Le monde de Gel: est attirant, un peu inquiétant. Sur son dernier album, il pulse des trips sensoriels et viscéraux à sa façon : une hypersécrétion sensitive mêlée de brutalité. En véritable plasticien sonore, Gel: expulse ici un véritable rhizome de bruits mélodiques accrocheurs, où se bouturent cris, gémissements et rivières de signaux anormaux. Sur re(a/c)h’(suite), des cris de volailles égorgées viennent perturber les violons, eux-mêmes déjà bien malmenés par une rythmique tordue. Dérouté par tous ces sons indistincts qui fusent à tout va, on se met à écouter en boucle (encore), à chercher un point d’ancrage. On s’accroche soudain à une petite tonalité de ce qui nous paraît être un clavier, qui, au bout de trois minutes, daigne nous laisser reposer sur sa ligne fragile, puis le morceau se termine brusquement sur ces foutus volatiles suppliciés. Pourtant, en réécoutant, on aime cette fois-ci se laisser bercer par les violons, mais on revient aussi sur les cris ; s’agit-il vraiment de poulets qu’on égorge ?! Ca pourrait très bien être un sample du bébé-larve pompé dans Eraserhead, le film de Lynch. Qu’importe… Ce qui nous plaît chez Gel:, aka Julien, c’est qu’il n’entend a priori pas mener la musique dite électronique sur des rives trop occupées. Il cherche plutôt dans les coins isolés où cette tendance ne se contente pas uniquement d’un seul collage linguistique.
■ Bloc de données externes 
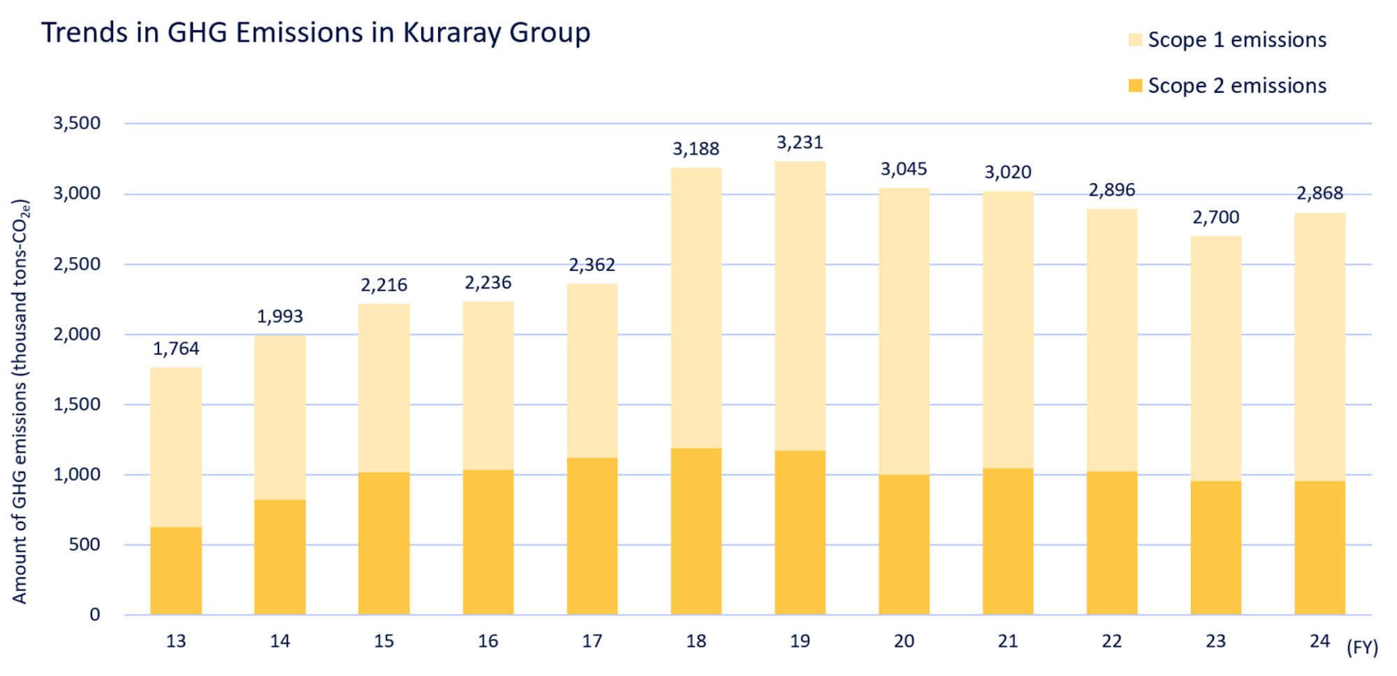 The results for Scope 1, 2 emissions in 2024 were 2,868 thousand tons-CO2e. Although Scope 1, 2 GHG emissions in 2024 were 132 thousand tons-CO2e higher than in 2023 due to the full-scale operation of new Thai plant for isoprene products, along with the start-up of new activated carbon facilities in the United States, we remained below our emission targets (3,020 thousand tons-CO2e in 2021 benchmark level) owing to measures to save energy and boost production efficiency. As in the previous year, we took measures to promote the greening of electricity, including the purchase at overseas Group companies of Unbundled Energy Attribute Certificates (renewable energy certificates).
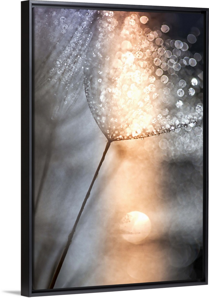 <p>Dew drops on a dandelion, with a shaft of orange light.</p>
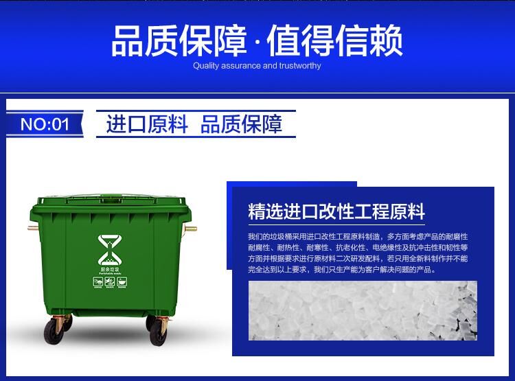 660升環(huán)衛(wèi)垃圾桶廠家,加厚新料戶外垃圾車價格,660升戶外垃圾桶批發(fā),賽普塑業(yè)生產的醫(yī)療垃圾桶采用高密度聚乙烯(HDPE)一次注模而成,絕無焊縫;塑料垃圾桶容易清洗,擦洗后仍光潔如新,目前在建設綠色重慶,健康重慶,宜居重慶等,而城市的形象都關系到垃圾桶,垃圾桶是城市中不可或缺的環(huán)保設施,如小區(qū)垃圾桶,街道垃圾桶,660升加厚垃圾桶廠家,加厚新料戶外垃圾桶價格,660升戶外垃圾桶批發(fā)馬路垃圾桶,物業(yè)垃圾桶等等。除了考慮垃圾桶的外形,重要的一點還是垃圾桶的質量和容量。我們生產的垃圾桶小到40升,大到上千升。大小容量均有,是物業(yè)及環(huán)保業(yè)的。供應重慶各區(qū)各縣各企業(yè)塑料垃圾桶,所有材質為PE新料制品。660升加厚垃圾桶廠家,加厚新料戶外垃圾桶價格,660升戶外垃圾桶批發(fā)
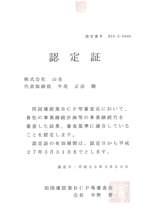 国土交通省 四国地方整備局からBCP認定をいただきました。
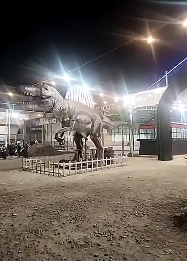 large dinosaur statue, possibly a Spinosaurus, standing on a small mound surrounded by a low wooden fence. It appears to be nighttime, with several bright lights illuminating the statue. Behind the statue, there's a building with a sign that appears to say "SEHAT", partially obscured. Some motorbikes are parked to the left of the statue. The ground around the dinosaur is dirt and sparse vegetation is visible in the foreground. The scene gives the impression of a commercial or recreational area.
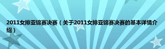 本文关于2011女排亚锦赛决赛的基本详情介绍就讲解完毕,希望对大家有所帮助。
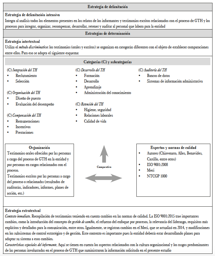 La presente investigación asume un enfoque cualitativo y utiliza como estrategia metodológica el AC (análisis de contenido) según el derrotero ofrecido por Ruiz (2004). Se escogió el AC porque en los procesos de GTH, donde la comunicación tiene un lugar preponderante, dicha estrategia provee las herramientas para analizar satisfactoriamente tales procesos no solo a partir de la comunicación, sino del contexto en el cual se dan y el vínculo existente con el SGC de la entidad involucrada.
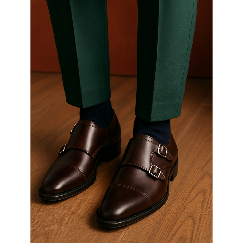 Monges, ou seja, sapatos com fivela em vez de cadarços, são uma alternativa moderna aos clássicos sapatos com cadarços. Monge único (uma fivela) é mais suave, monge duplo (duas fivelas) mais expressivo. Eles combinam perfeitamente com ternos modernos e justos em cores incomuns - azul marinho, vinho, verde garrafa. Monges em marrom escuro ou preto serão perfeitos para um casamento urbano, industrial ou glamoroso. Esta é uma escolha para homens autoconfiantes que querem se destacar com estilo e ao mesmo tempo manter a elegância.
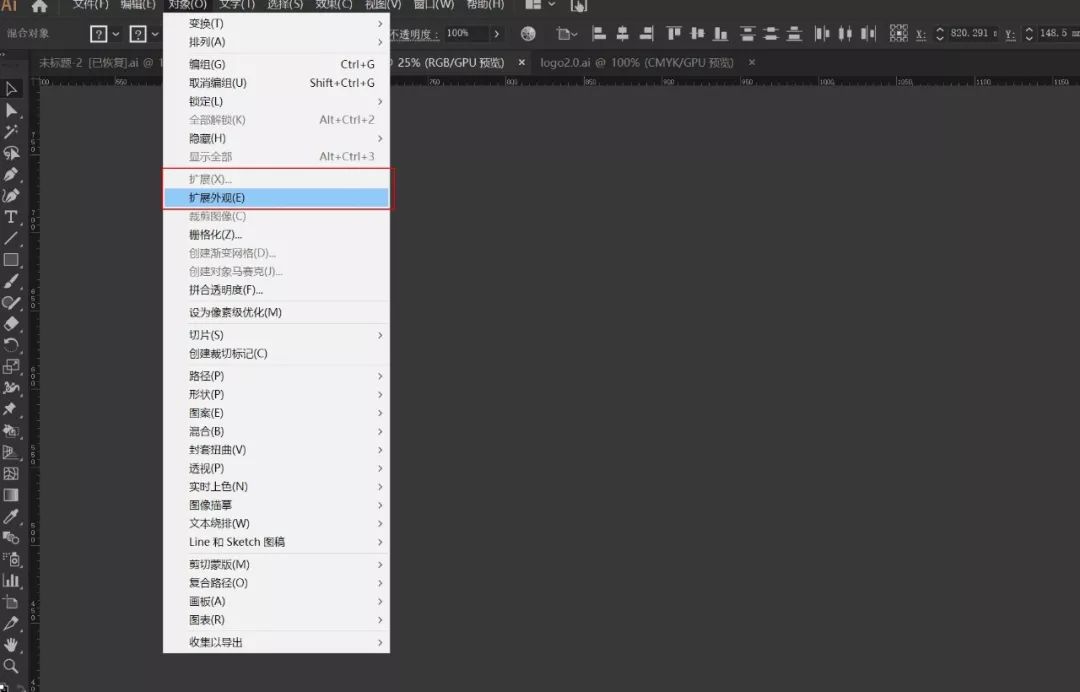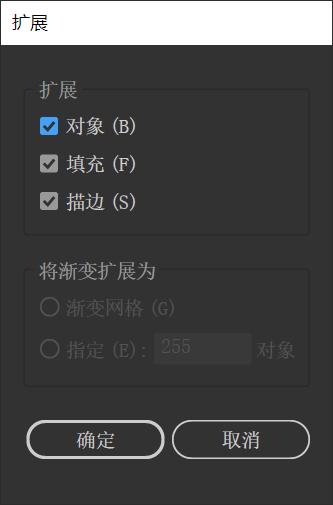 点击扩展外观会让程序吧整个设计稿取消群组,并且打散成独立的板块,再点击扩展就可以转曲了,如果扩展外观为灰色,则只需要点击扩展。
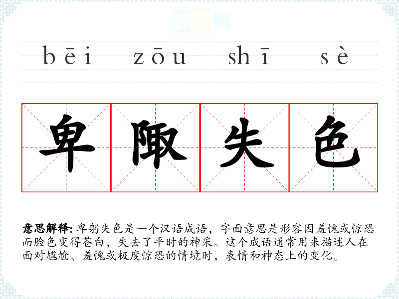 卑躬失色是一个汉语成语,字面意思是形容因羞愧或惊恐而脸色变得苍白,失去了平时的神采。这个成语通常用来描述人在面对尴尬、羞愧或极度惊恐的情境时,表情和神态上的变化。
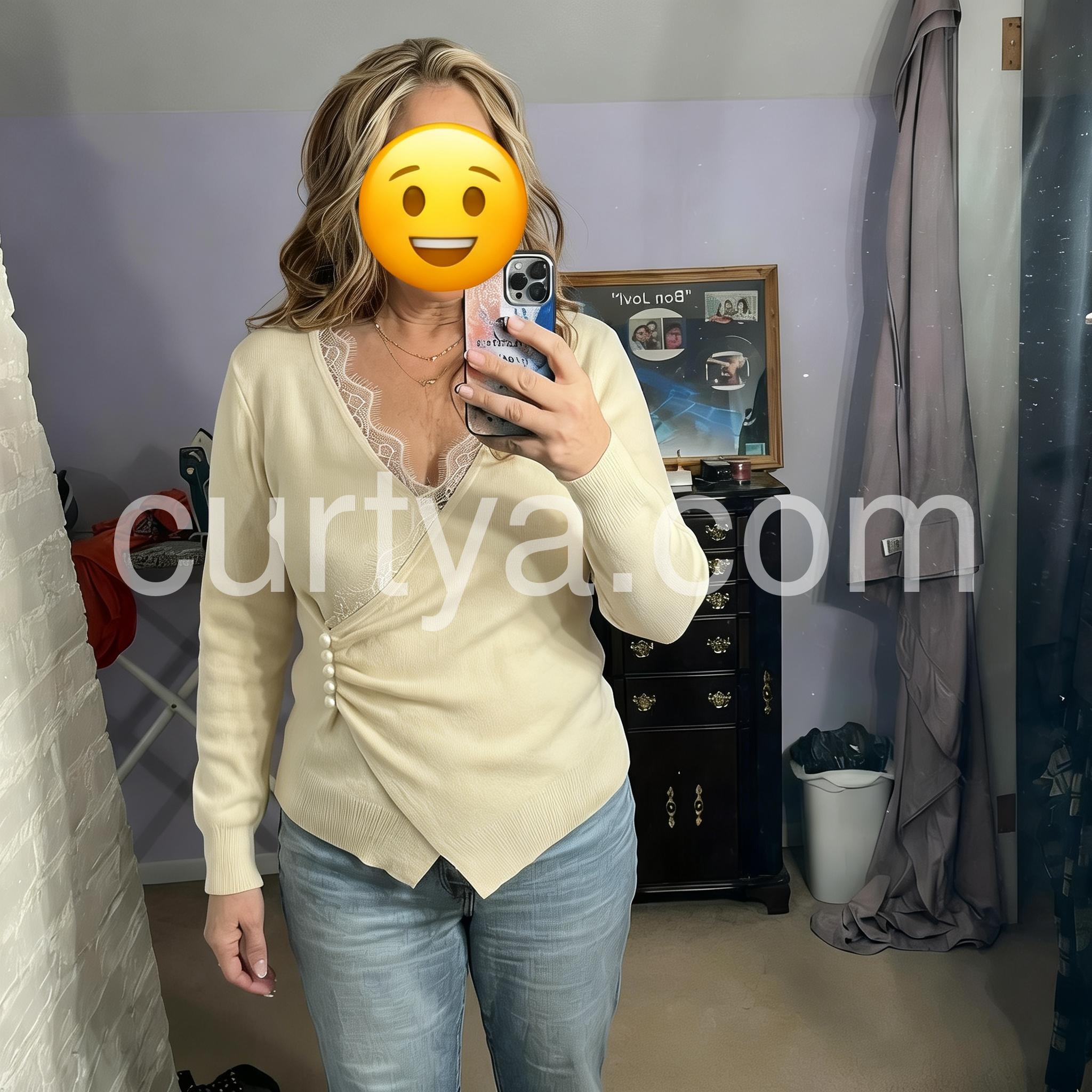 Elevate your knitwear collection with this refined wrap sweater, where timeless design meets contemporary styling. The delicate vintage lace trim detailing adds an unexpected sophistication to the clean, minimalist silhouette, creating a versatile piece that transitions seamlessly from casual to polished occasions. Crafted with careful attention to construction, the wrap design offers flattering draping and adjustable fit, while the plain knit base ensures effortless coordination with your existing wardrobe. A modern essential with vintage-inspired accents.
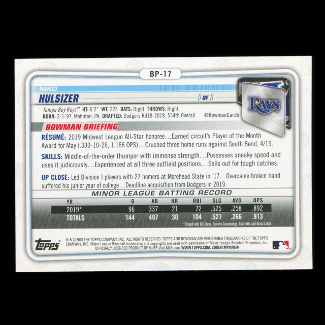 Niko Hulsizer 2020 Bowman 1st Bowman Prospect Rays
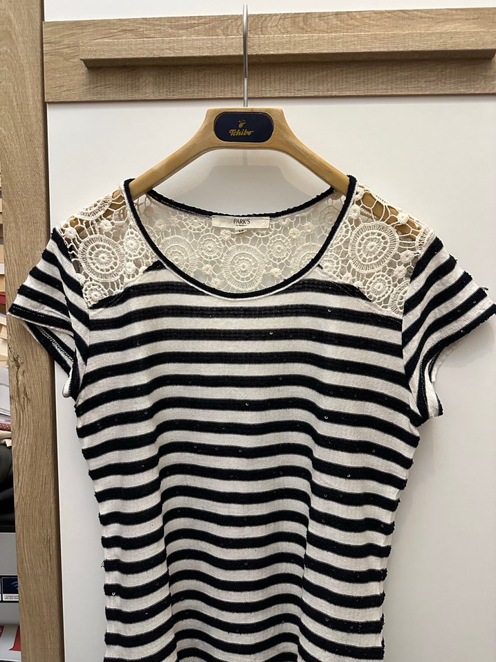 Dar kesim, kısa kollu, yuvarlak yaka, zebra desenli ve omuzlarda dantel detaylı triko tişört. Trend sokak stili için uygun. Parks bravo 34 beden
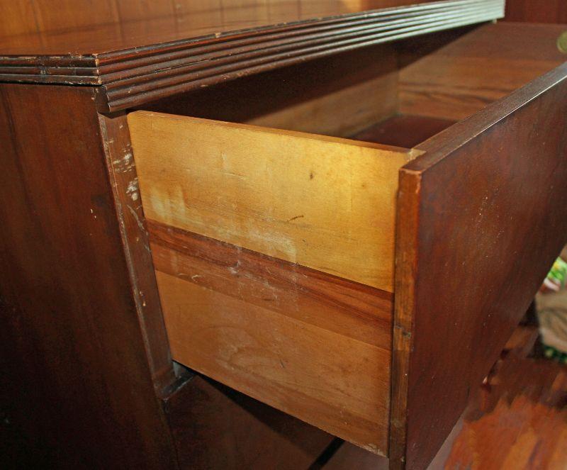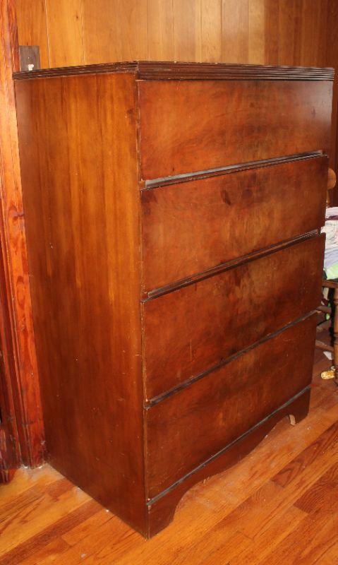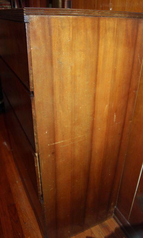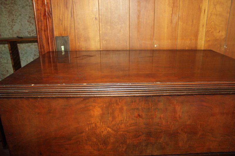 This chest is solid! While the bones are great, there are some gouges in the top and some it needs a good cleaning. It stands 49" high, is 34" from side to side, and 19" from front to back. Please listing for the matching vanity.
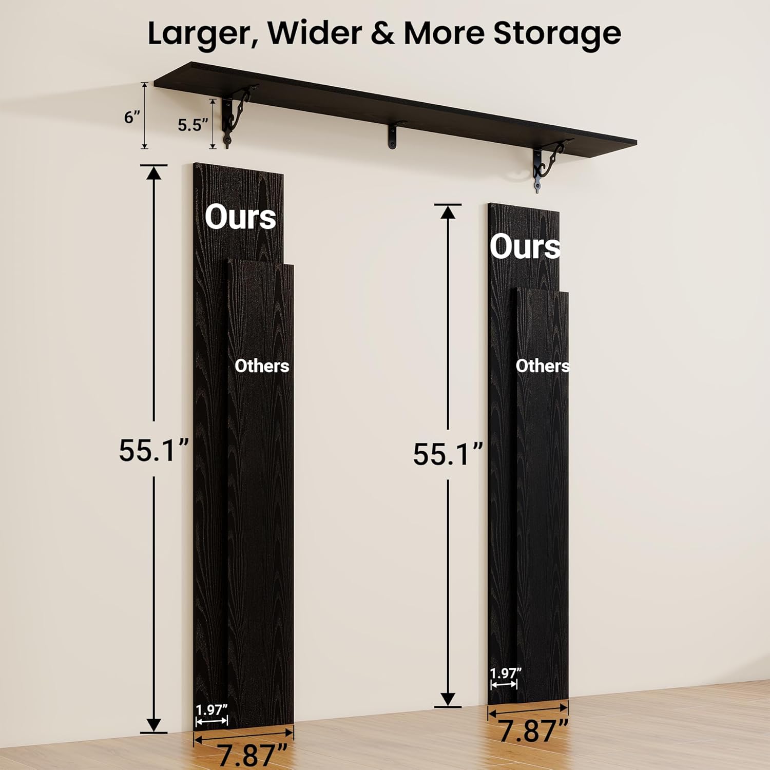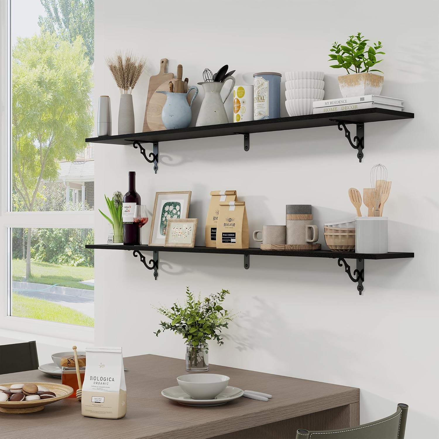 RICHFOCUS Floating Shelves for Wall Decor, 55.1W x 8D Wall Shelves Set of 2, 8 Inch Deep Rustic Wood Shelves Wall Mounted with Brackets, Long Floating Shelves for Living Room Bedroom Kitchen, Black

On rentre dans les titres de –1 comme dans l’appartement de Fenêtre sur cour : on s’allonge dans le fauteuil de James Stewart et on se laisse bercer par ces petits bruits de la vie quotidienne qui jaillissent des appartements voisins. Sur Aux chiens écrasés, les boucles de piano sont jouées par les voisines (deux sœurs jumelles) du dessous, et les rythmiques concassées sont autant de blèsements intrinsèques qui permettent aux violons de circuler librement. Puis les sœurs jumelles deviennent soudain des siamoises. La saturation est leur organe commun. Elles pleurent à chaudes larmes. Sur Pauze, on entend d’ailleurs la boîte à musique de leur petite sœur paralysée. Et il pleuvine des clapotis irréguliers tout autour du logement délabré. Sur Même pas prête, on distingue bon an mal an des fonds sonores bruitistes, intentionnels et maîtrisés, mêlés de nappes captivantes, échappés des bas-fonds. « Je sais que tu es dans la cave Julien, occupé à éventrer les tuyauteries »…

Sur des structures très complexes, Julien Loquet tisse des toiles électriques grâce à des arrangements originaux bien sentis. Cet érudit donne une leçon de programmation triturée, gave ses morceaux, les inonde de cliquetis cristallins pour éclairer son sujet. Ruptures de rythmes, intros douces pour titres rageurs, rage pour morceaux doux… Gel: surprend toujours l’auditeur, même si on se sent chez soi dans son univers chaotique et délicat.